Switch to a different paint.


----------



## paintguy86 (Aug 6, 2011)

sagebrush123 said:


> I have left the Frazee zone, but I think they are now called Comex.
> 
> Switch to a different paint.


They are still around comex is the parent company.they own a bunch of regional paint companies.frazee is more of a south west region company.they own parker in the north west.


----------



## Conley (Dec 6, 2010)

I have been using Frazee for a couple years and they are sucking really bad right now.
The last 10 times i have gone in to the store 8 of those trips were wasted as they did'nt have what i needed. I just did a house in there Velvin flat. Its not touching up
at all. Its horrible. I am in my 2nd day of no work because my schedule is held up by the fact that there Super deck solid stain isn't in stock, yet they've had a months notice of the job. 

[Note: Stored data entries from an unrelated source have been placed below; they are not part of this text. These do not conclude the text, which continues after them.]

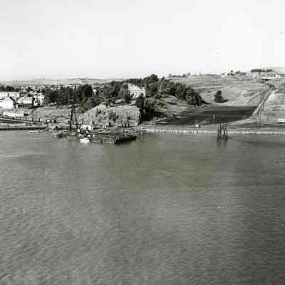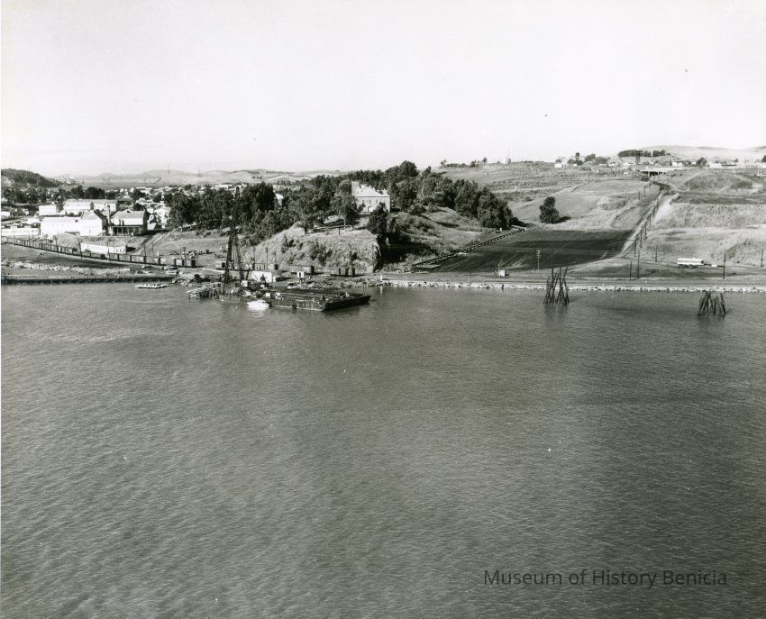 B/W aerial photo of Carquinez Strait shoreline south of the Benicia Martinez bridge; barge with drilling/pile driving equipment slightly left of center. The Clock Tower w/surrounding trees is seen slightly above center; railroad cars are parked on tracks along the water's edge. Undeveloped industrial sites are to the right.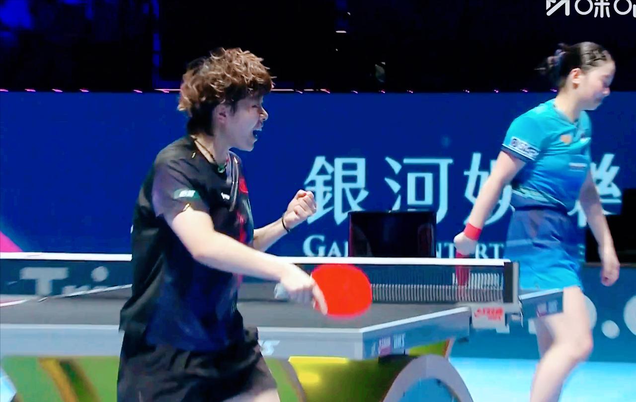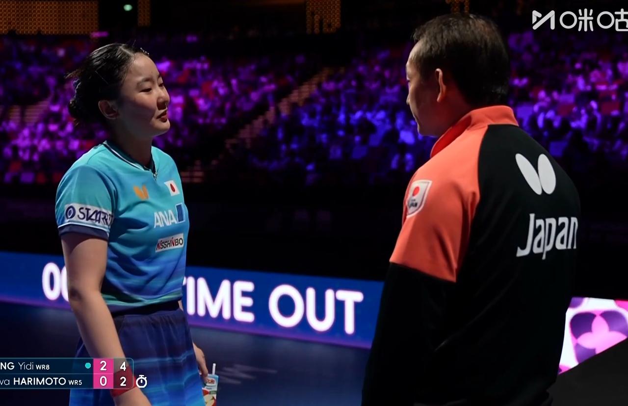 张本美和被大迪打急眼了,发球直接回抛! 结果直接被裁判罚了一分。 张本美和还跑过去朝着裁判撒娇, 但是照样扣分了。 张本美和崩溃了, 直接叫了暂停。 暂停回来开始搏杀, 追到了4:4平, 随后两人一路胶着, 7:7平之后, 大迪10:8拿到局点, 10:9的时候, 大迪叫了暂停。 回来12:10拿下。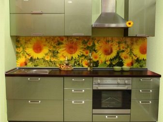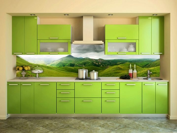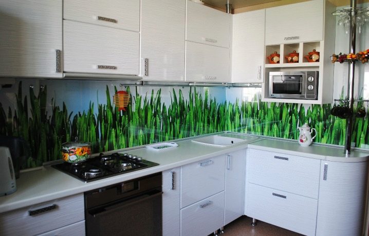 Образът на зелена трева добавя елементи в еко-стил към интериора на кухнята. Зеленината изглежда добре в светла кухня: в бяло, бежово или дори направена под естествено дърво. Белият гланц е особено актуален сега.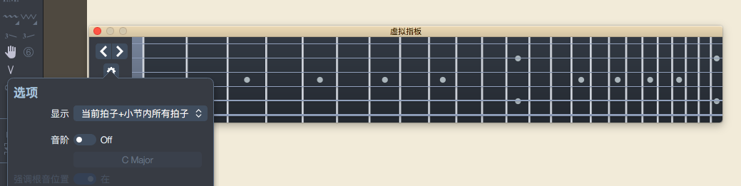 当关闭这个选项时,指板上只显示音的位置,而不显示音名,如下图所示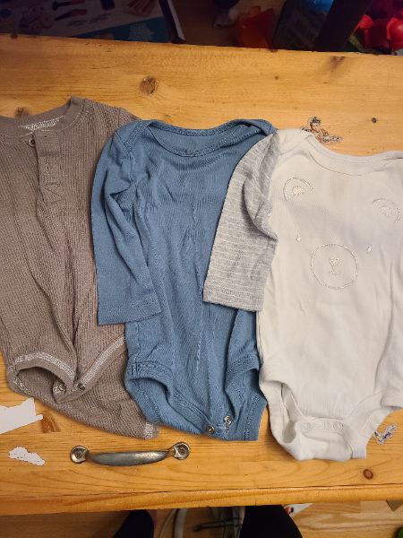 Description : 3 to 6 month long sleeve onsies.. one brown, one blue and one with and grey with bear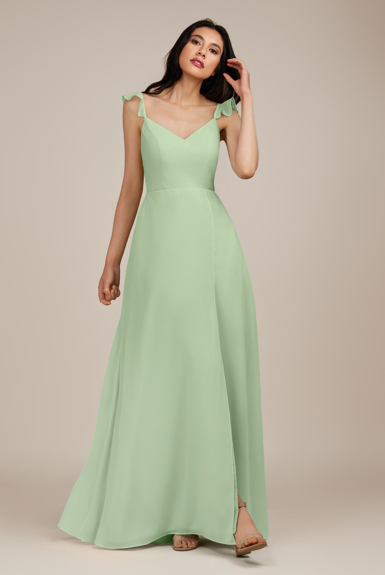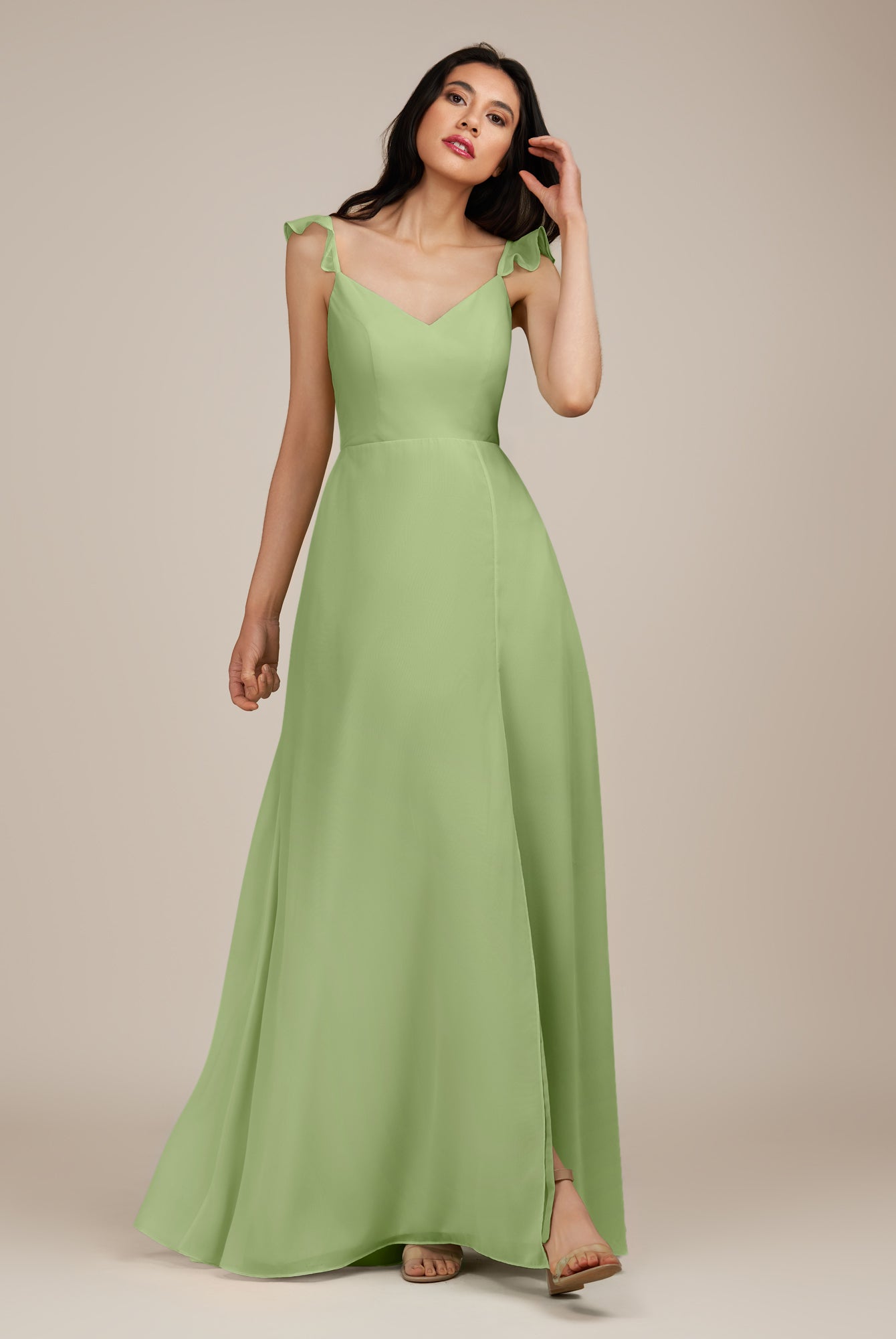 Citrine | Matcha - A Line V Neck Chiffon Ruffled Long Bridesmaid Dress with Slit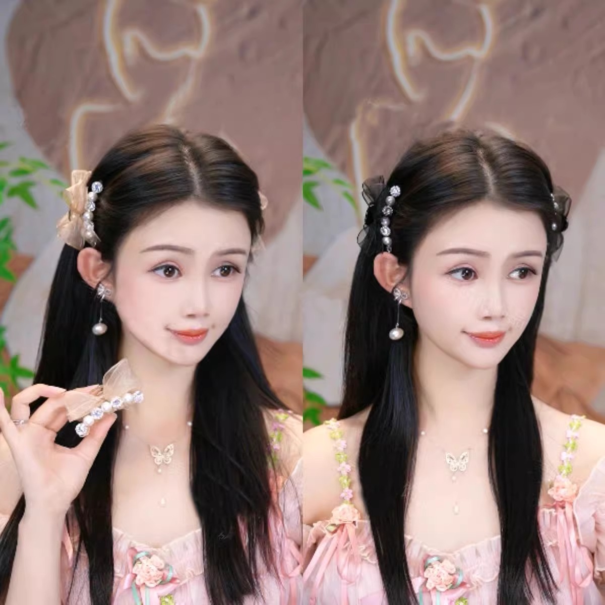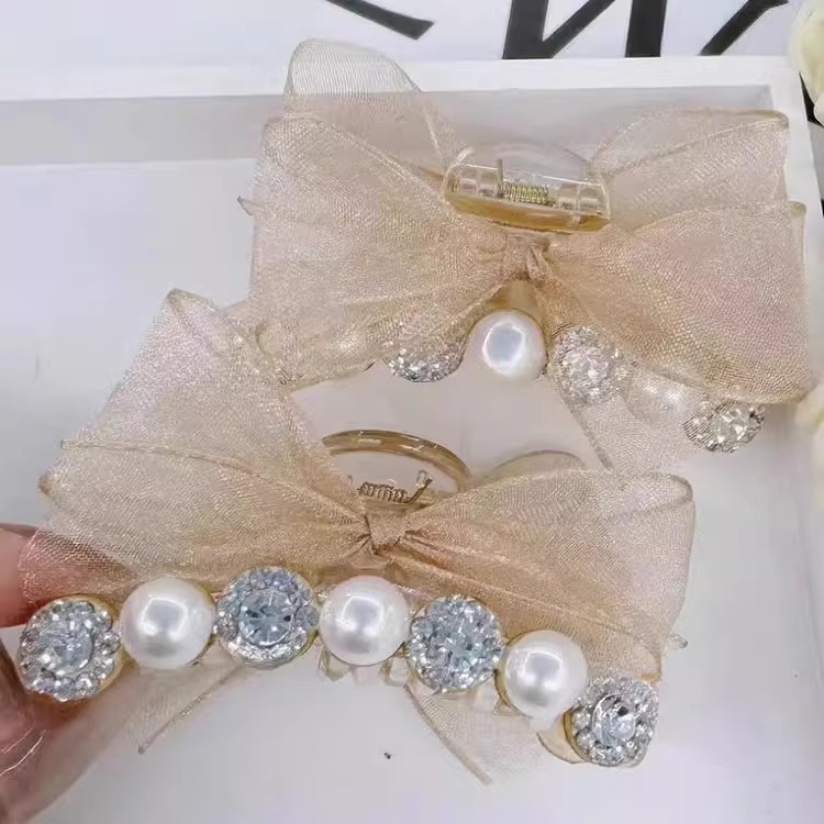 • #메쉬 비드 다이아몬드 클립*샴페인 컬러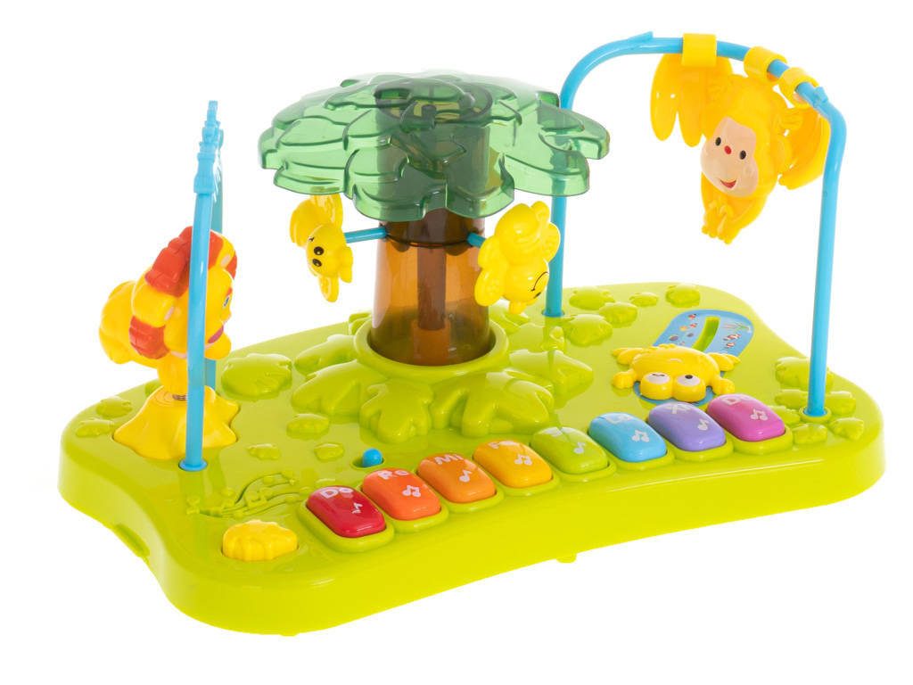 Druga funkcją stolika jest interaktywna zabawa. Nakładka do zabawy gwarantuje długi czas zajęcia uwagi dziecka. Lew na sprężynce i wisząca małpka zainteresują maluszka.Drzewko z obracającymi się pszczółkami oraz ruchoma żabka przykują uwagę. Kolorowe klawisze pianinka uruchamiają tradycyjne dźwięki lub odgłosy zwierząt albo wesołe melodie - w zależności od ustawionego trybu działania zabawki.Krzesełko rośnie razem z dzieckiem pozwala na to trzystopniowa regulacja wysokości oraz położenia stolika. Wysoka jakość materiału z jakiego krzesełko zostało wykonane gwarantuje długie i bezpieczne użytkowanie oraz łatwość czyszczenia. Kompaktowa konstrukcja pozwala na szybkie rozłożenie i złożenie do niewielkich rozmiarów, dzięki czemu możemy mebelek zabierać na rodzinne wyjazdy.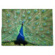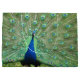 Peacock avec une tête et un cou bleu brillant qui se démarquent contre les plumes de la queue s'est évanoui pour montrer les "yeux". Image des deux côtés.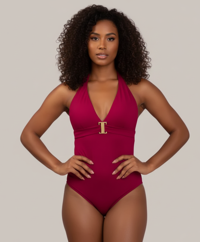 O decote em V frontal alonga a silhueta e traz feminilidade ao visual, enquanto o detalhe dourado adiciona um toque moderno e refinado. A costa nua com amarração garante charme extra e possibilita melhor ajuste, proporcionando segurança e conforto durante o uso. A parte inferior em modelo calcinha completa o design com equilíbrio e discrição.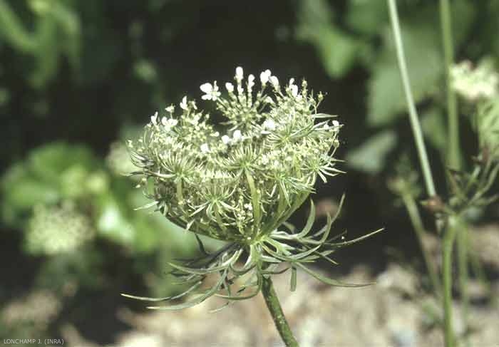 Fleurs blanches ou roses au centre de l'ombelle, pétales en forme de pique. Ombelle grande, 20 à 40 rayons grêles. Involucelle à bractées linéaires ou divisées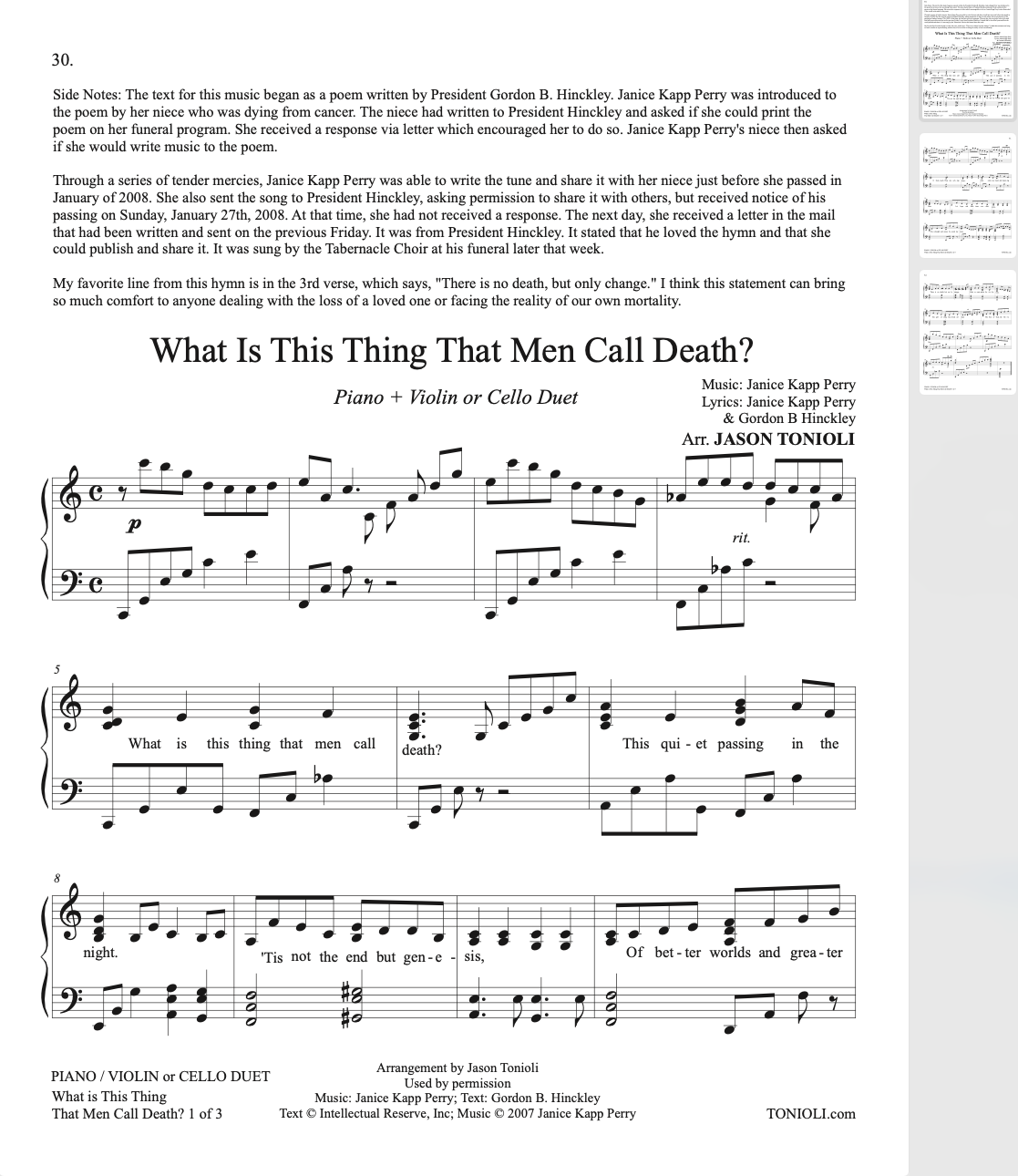 DUET – What is This Thing That Men Call Death (Violin & Piano Duet) – Janice Kapp Perry – SINGLE SONG DIGITAL PDF SHEET MUSIC$9.95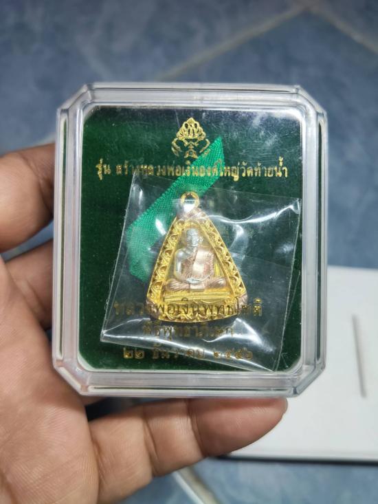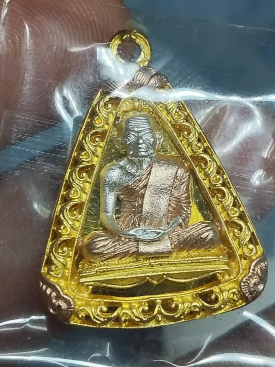 เหรียญจอบใหญ่ หลวงพ่อเงิน ปี 56 เนื้อบอร์นชุบ 3 K พิมพ์ใหญ่ กล่องเดิมซีลเดิม หมายเลขสวย 129 ครับ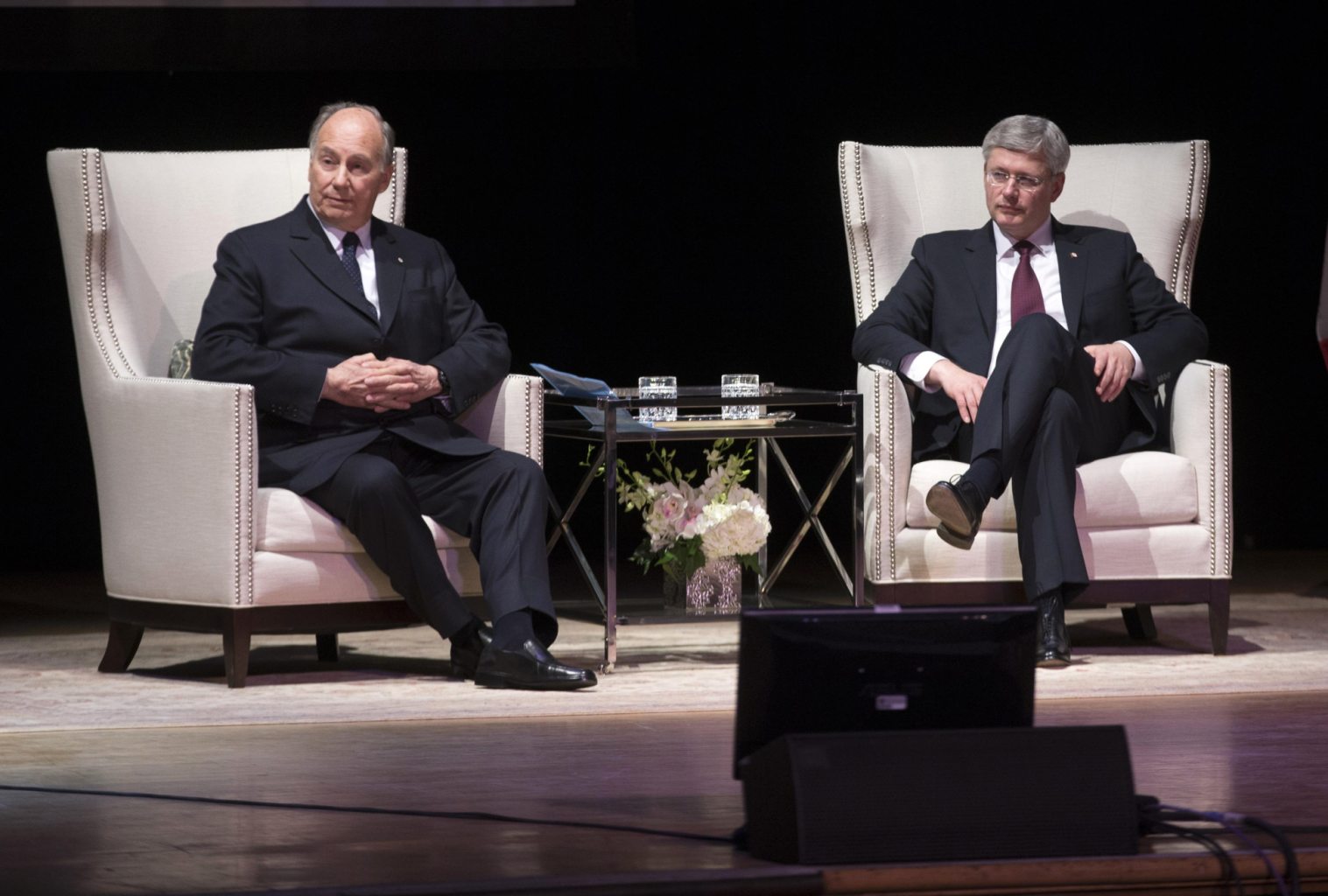 Canada’s Prime Minister Stephen Harper (R), sits with the Aga Khan, the spiritual leader of Ismaili Muslims, during a speaking event at Massey Hall in Toronto, February 28, 2014. REUTERS/Mark Blinch (CANADA)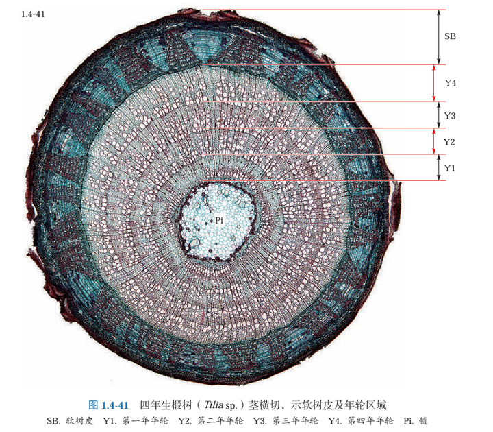 下图是四年生椴树茎横切标本,可以和前面竹茎秆标本对比。

There prices cut SW in half in the begining and there products were good. Now the price is still right but everything else is gone.


----------



## Softy (Jul 19, 2009)

Same here I couldn't touch it up with Frazee despite that I painted the house a week earlier with the same paint. I've to add Floetrol to stabilize it before I can use the paint for touch up. Mirror Glide, which happened to be the most expensive for Frazee, feel more like a latex paint than acrylic to me.


----------



## ewingpainting.net (Jun 2, 2008)

If you all notice Frazee is speced on commercial a new res. go figure


----------



## 6126 (May 9, 2010)

I never used much of it when I was in that area. Mostly used Dunn Edwards. They dont have neither up here.


----------



## SDFF (3 mo ago)

Softy said:


> What ever happened to this brand? It used to be really good until they start coming out with eco-friendly products. Now it drip and run all over and the semi-gloss peel on top of the primer. I need to mix it with Floetrol just to get to work. I just use Mirror glide and Lo-glo to paint beach-front property in cold temp and now I've to redo many area because of the paint line is showing. What I don't understand is if I have to use Floetrol then that paint is now no longer eco-friendly. So what's the point of having the friendly paint?


I have a gallon of Frazee leftover from when I used it in the past, years ago: Lo-Glo interior acrylic enamel, low eggshell finish, white. Is this the good old stuff? How many years does it last after being opened? Thanks.


----------